I suspect, though, that the 50% who worry about finance may be the ones who are going to pop their clogs intestate, because people who have made wills are ungovernably smug about it. They have an air of having done the world a service. I don’t see it, myself. Because of ineradicable traces of socialism, I worry about inheritance. Poverty is inherited, as is wealth. If you’re born into a family whose finances, in that great Irish euphemism, are "comfortable", you’re likely to be kept nourished, clean and educated. That, combined with your own energies, should keep you going for the rest of your life, without the added benefit of inheriting the family house and — if you’re really lucky — investment portfolio. The probated will, it could be suggested, serves to perpetuate social inequity down through the generations.

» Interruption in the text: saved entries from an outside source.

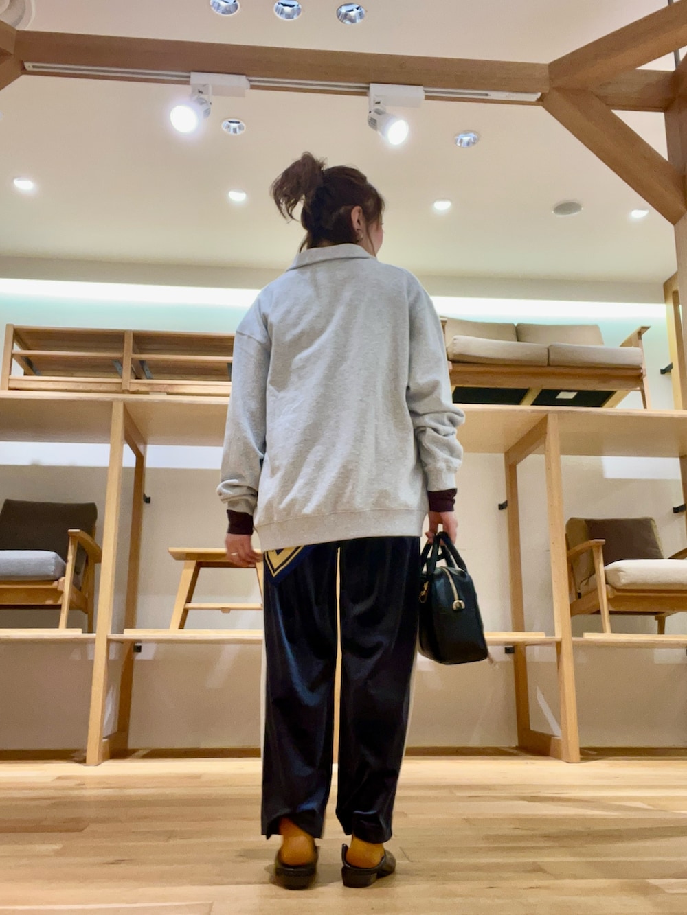 トラックパンツは、ベロア素材で履きやすくネイビーは大人仕様なカラーで取り入れやすいです◉
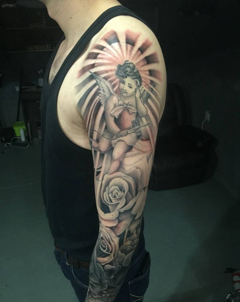 当前位置: 首页 >上海市纹身店-上海任刺青纹身工作室纹身图案>天使花臂纹身图片_欧美清新写实肖像成品手臂臀部人物植物宗教纹身图案
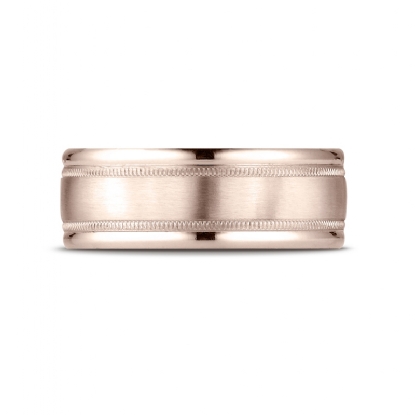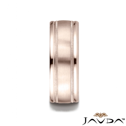 Unisex Satin Milgrain Round Edges 14k Rose Gold Wedding Band
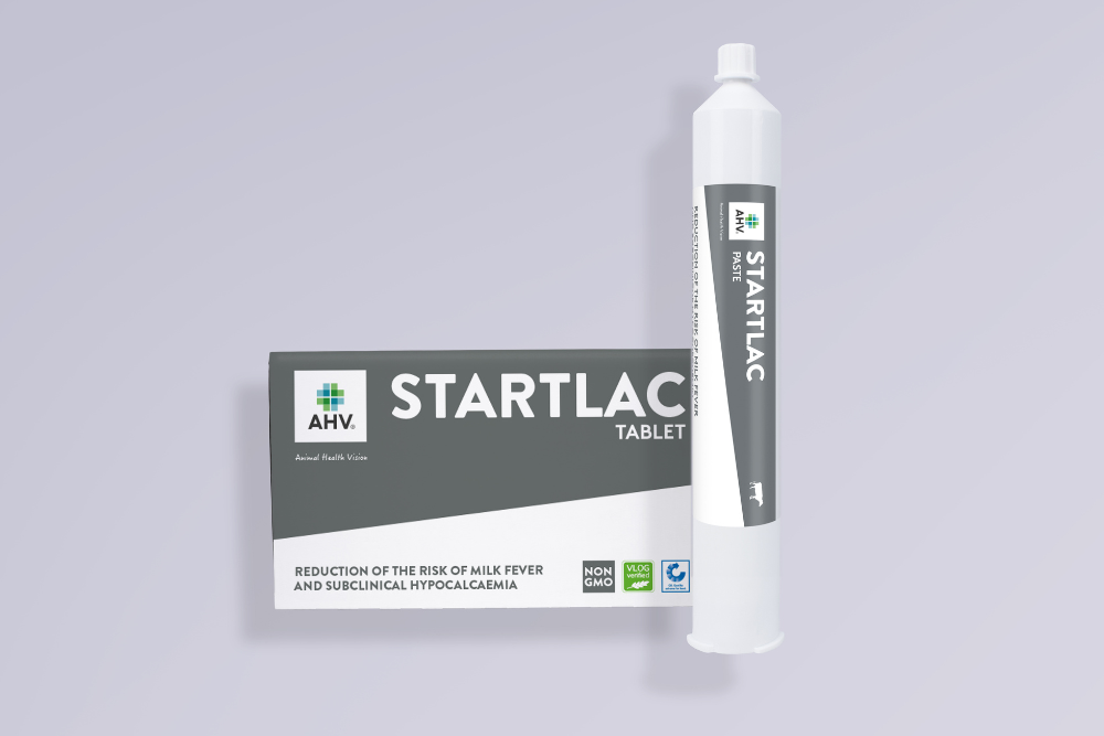 AHV’s advice is to administer AHV StartLac tablet immediately after calving and repeat this after 12 hours to support the cow with sufficient and readily available magnesium, calcium, phosphorus and vitamin D3. StartLac is a dietetic feed for dairy cows that can be used to support cows during the production start-up and for the reduction of the risk of milk fever and subclinical calcium deficiency (hypocalcaemia).

And before you write to the Editor, yelling that if you didn’t inherit the family house, how the hell could you afford to keep your Dad in the nursing home where his stroke put him a couple of years back, I know. You have a point. A more painfully personal point than the proposition that inheriting wealth just because you were born into X family rather than Y family is unjust.
There might be some fun in writing a will if you could disinherit someone just for spite, but according to Inheritance and Succession — The Complete Irish Guide, it’s not that easy to disinherit those close to you. My formidable next-door neighbour, who did her will 25 years ago and changed it once since then, was genuinely shocked to hear that I hadn’t parcelled out what I own in a formal document for distribution after I snuff it.
"Even if you only have a wheelbarrow, you don’t want five people fighting over it," she said severely. "You don’t have a licence on tomorrow. None of us has."
I do have a wheelbarrow. I went out and looked at it after she’d gone. It didn’t look to me like a wheelbarrow two people would fight over, never mind five. But I take her point. I’ll definitely make a will. And give the wheelbarrow to one specific person — whether they want it or not.
Wheelbarrows are easy. It’s who to inflict the two cats on is the problem.